Single People Have Suffered Enough. And Yet We’re Still An Afterthought

Adults living alone shouldn’t become the scapegoat, writes Marie Le Conte.

Living through a pandemic in Britain has largely felt like being halfway through a cheap, formulaic horror movie. The main characters have just survived something terrifying, the villains are seemingly gone, and it is quiet again – or is it? We know that disaster will strike again but when? And what form will it take?

Instead of creaking floorboards and the laughter of an invisible child, we have briefings from anonymous sources to national newspapers. Are you an adult living alone? Did you barely survive the first lockdown? Are you relieved that you are now allowed a support bubble, and can socialise with another household? Be afraid. Be very afraid.

More seriously – the government introduced the scheme in the summer when it became clear that forcing millions of people into complete isolation was inhumane, but it now seems they are having second thoughts – or are they?

On Sunday, the Daily Mirror reported that Health Secretary Matt Hancock was not ruling out ending support bubbles if cases kept rising. On Monday, No10 sources claimed that it would not be the case, and finally Matt Hancock confirmed support bubbles would stay, even in the event of a tougher lockdown. But who can we trust?

“The government must become better at communicating with the public.”

As an adult living alone, Hancock’s assurances are not enough. Support bubbles should never have been on the table.

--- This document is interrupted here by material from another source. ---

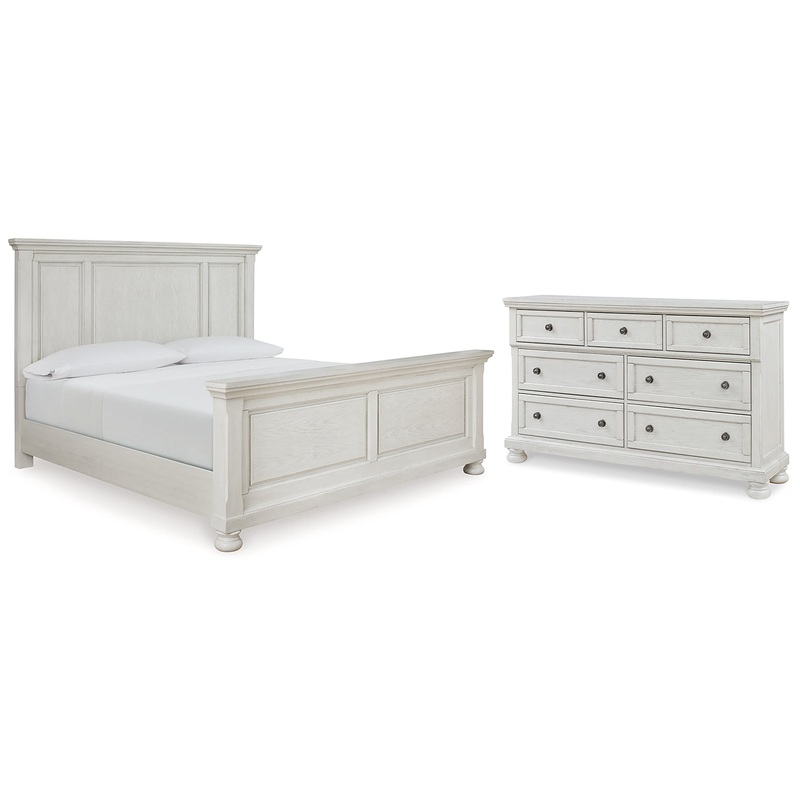 Elegant, timeless furnishings take your bedroom to the next level. Nothing does that better than this bedroom package. The antiqued white finish with a wonderful grain texture oozes sophistication, while dark bronze-tone hardware adds a sophisticated touch. Felt-finished top drawers and a hidden pull-out tray behind the top middle drawer of the dresser round out the set for the ultimate tasteful bedroom.

I cannot begin to explain how tough I found the first lockdown; I went for days on end without talking to anyone, and frequently burst out crying for no reason at all. It is possible to be simultaneously immensely worried about the ever-rising cases and overwhelmed hospitals, while not wanting single dwellers to be unfairly punished.

If the government really wants to stop transmission, it could make sure that all but the most essential businesses stay shut, or make everyone work from home. Anecdotally, I could tell you of several acquaintances who aren’t key workers but are made to go into the office. If you want to see for yourself, I would recommend walking to your nearest estate agents, and I can nearly guarantee you will find it full.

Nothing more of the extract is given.